A global energy revolution is underway, driven in part by new technologies to unlock untapped resources and drive energy efficiency. A recent Chicago Council Survey shows that Americans place a high priority on a secure energy supply and support the development of renewable energy.  While renewables have many virtues, the public does not necessarily understand the urgency of developing alternative energy as a means to limit climate change. Nevertheless, Americans clearly lean toward cleaner methods of powering the country and expect renewable sources will overtake fossil fuels as the primary US energy sources in the next ten years.

Energy a top priority for Americans

Americans have long considered securing adequate supplies of energy a top goal for US foreign policy.  Going back decades to the first Chicago Council Survey in 1974, majorities have rated securing energy supplies a very important goal (66% in 2014 and 75% in 1974).  In the 2014 survey, it ranks second only to protecting the jobs of American workers. In addition, since 2010, three in four say that reducing US dependence on foreign oil is a very important goal (74% today).

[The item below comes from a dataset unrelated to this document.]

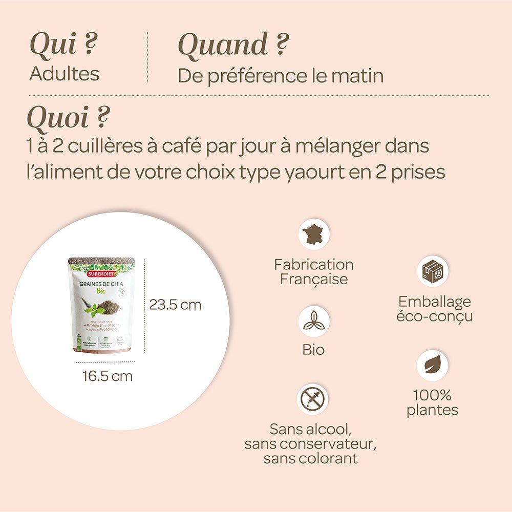 Les Graines de Chia Superdiet sont conservés dans un sachet papier recyclable et sont issus de l'agriculture biologique. Il suffit de saupoudrer 1 à 2 cuillère(s) à café sur vos plats ou à mélanger dans vos yaourts par exemple.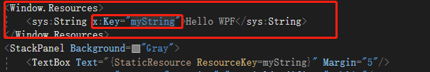 在WPF中几乎每个元素都有自己的Resources属性,这个属性是“Key-Value”式的集合,只要把元素放进这个集合,这个元素就成为资源字典中的一个条目,为了检索到这个条目,就必须为它加上x:Key。

The public has been slower to recognize the attendant issue of climate change, although more now than in the past four years view limiting climate change is a very important goal (41% compared to 33% in 2012, 35% in 2010, 42% in 2008).  If the views of American academic, government and business leaders make an impact on public opinion, concern about climate change among the public could rise. New results from a 2014 Chicago Council Leaders Survey show that leaders, like the public, also emphasize securing energy supplies as a top priority. [1] But leaders also consider climate change a top threat and say that limiting climate change should be one of the highest goals for US foreign policy.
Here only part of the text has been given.